Mumbai: A high-level committee set up by the Planning Commission has asked the government to allow provident fund and insurance companies to invest in the overseas markets to mitigate their risks in the high volatile Indian markets.
Government’s attempt to allow provident fund to invest in the domestic equity market has not fructified so far due to strong opposition from the Left parties and trade unions.
“We should encourage greater outward investment by provident funds and insurance companies when inflows are high. Such diversification will make these funds more stable (give them less exposure to high volatility India markets),” said the draft report of the Committee on Financial Sector Reforms (CFSR), headed by former IMF chief economist Raghuram G Rajan.

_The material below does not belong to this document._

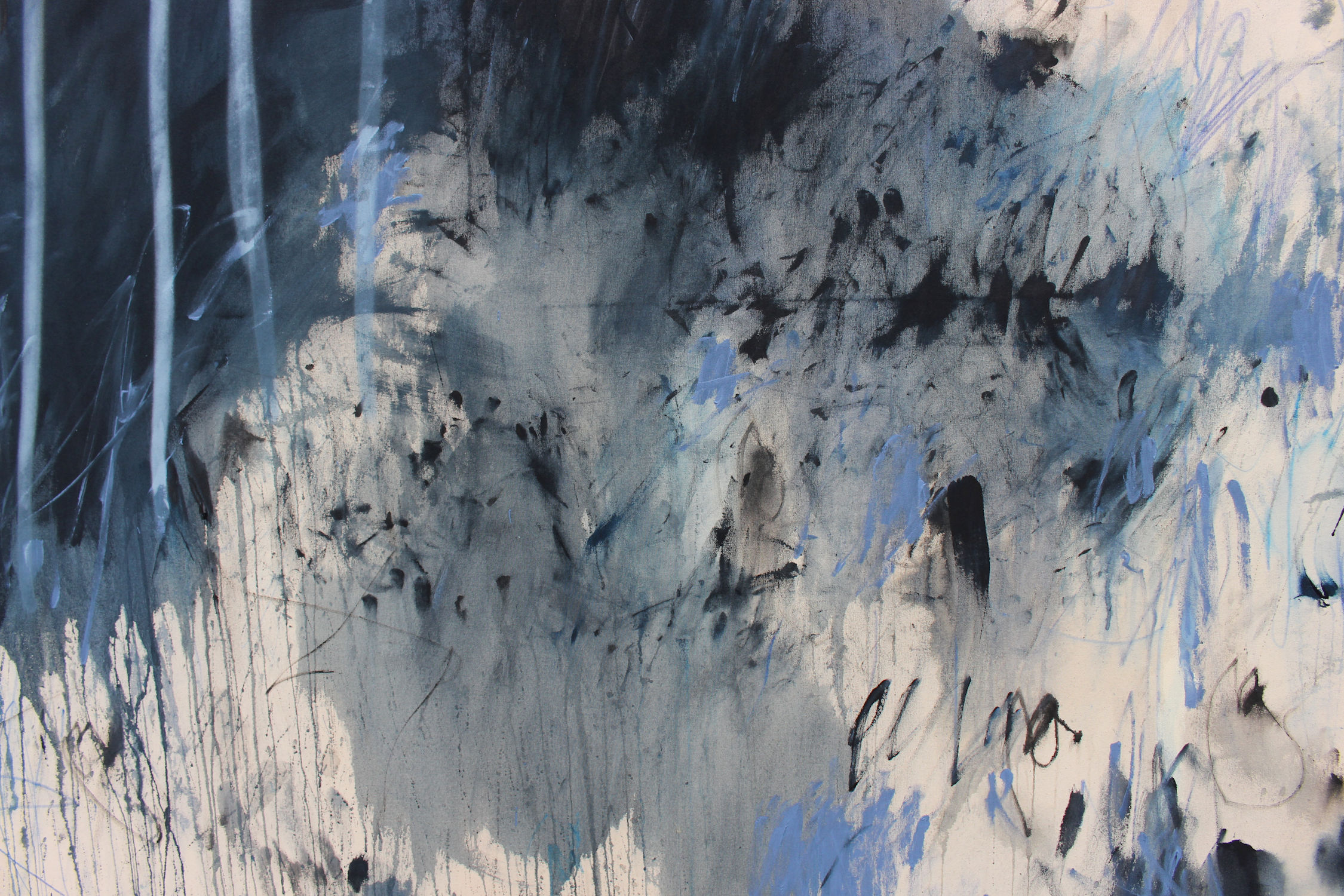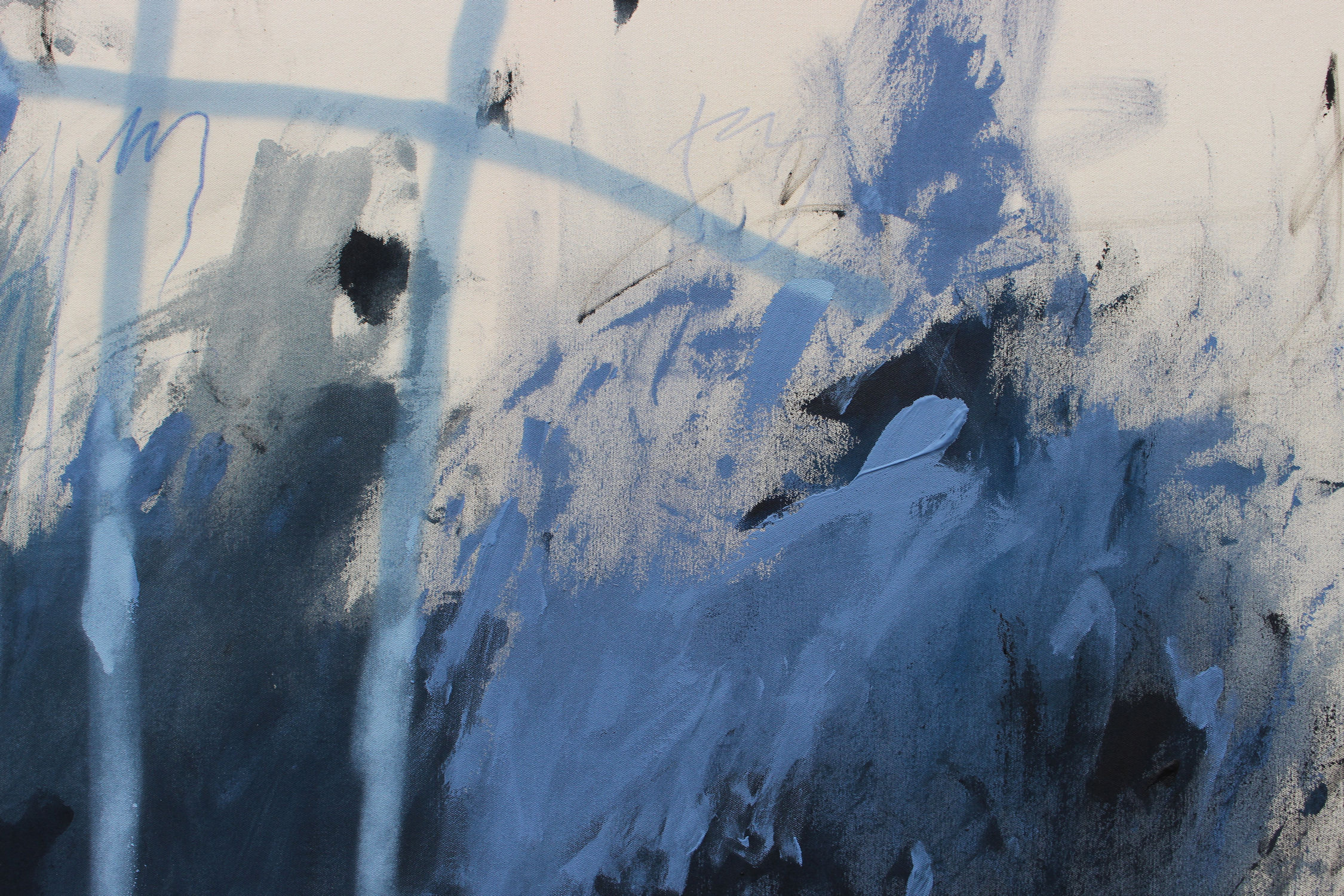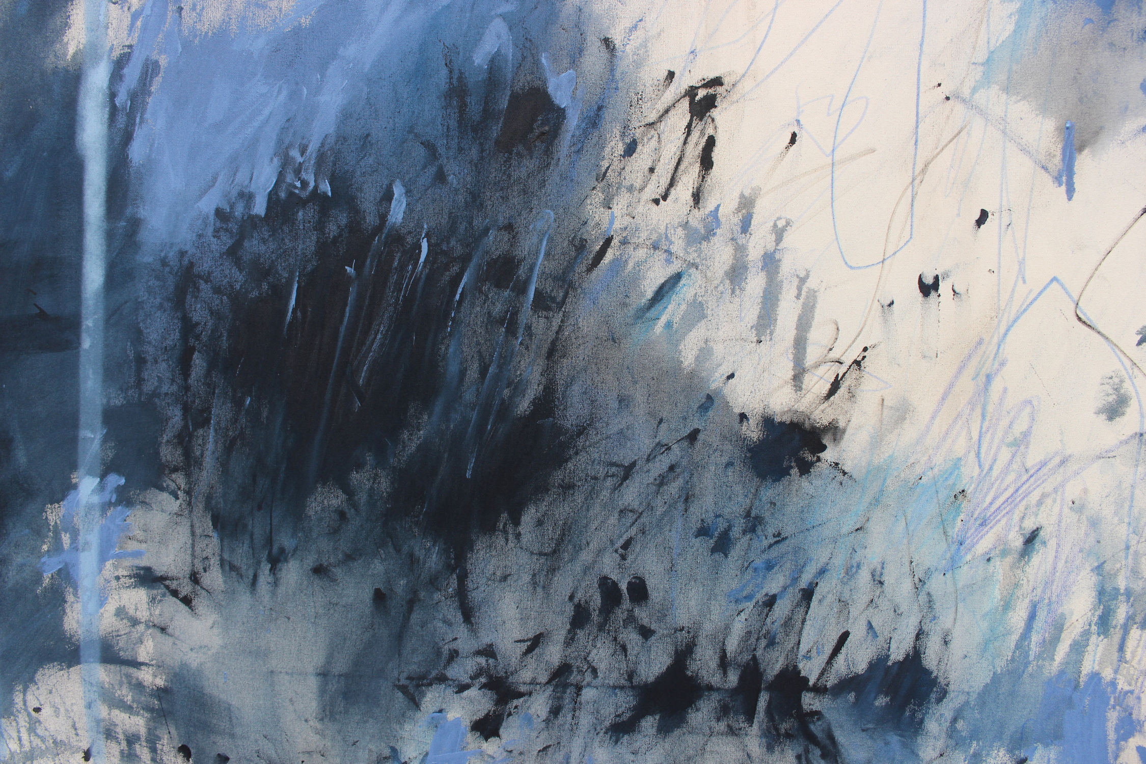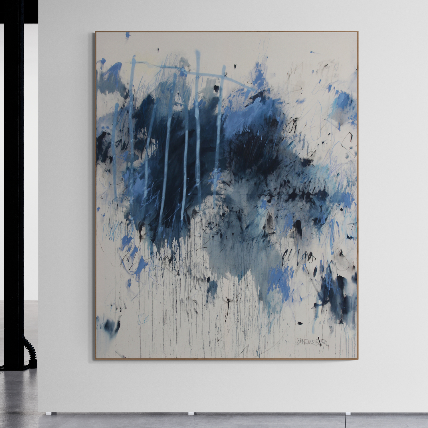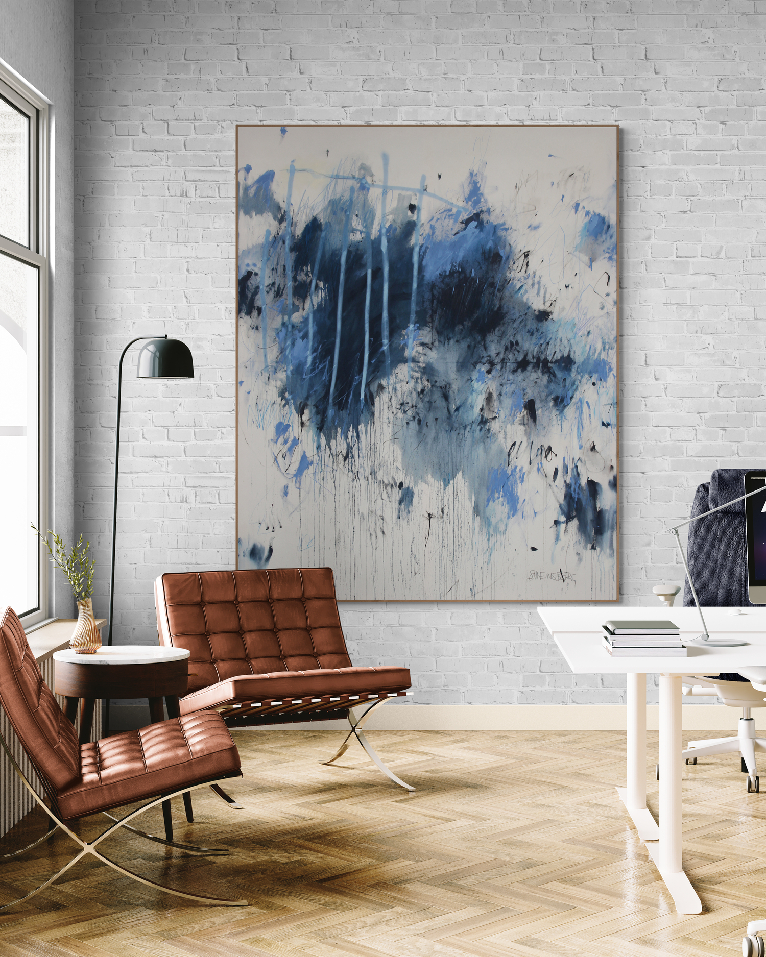 “REVELING IN BLUE 2” grew from pure joy in the material. I applied most of the paint with my hands to create a direct, physical trace. This nearly monochrome abstract painting explores the power of blue, the color of sky and water, symbolizing calm, depth and trust, and the tension between form, line, light and dark. A vibrant piece of contemporary abstract art.

With the forex reserves crossing $300 billion mark, and rupee appreciation against dollar by over 10% over the past one year, the Reserve Bank is under pressure to liberalise the outflow of capital.
The Plan panel said the relevant constituencies need to be persuaded that by restricting their investment options to domestic government securities, they are greatly limiting future returns and possibly increasing risk.
“At the very least, a first step will be to diversify across foreign government securities, so that we offset foreign inflows in to our government debt markets with outflow into foreign government debt markets, without these flow being driven by the RBI,” it suggested.
Besides, the report said, an Indian institutional investor should have the flexibility to buy an Infosys ADR in the US or to buy shares of Infosys in India or even IBM in the US.
“They should have flexibility to buy bonds issued by the governments all over the world,” it said.
This will expose institutional investors and their customers to international practises and ideas and increase competition faced by Indian financial markets. It will also set the stage for Indian institutional investors to sell financial products overseas, the committee said.
The report pointed out while individuals in India are allowed to invest $2 lakh overseas per year, this is operationally difficult due to restrictions that inhibit domestic and foreign financial firms from selling international financial products.
These relaxations could help the country by allowing outflows that keep the exchange rate from appreciating, the report said.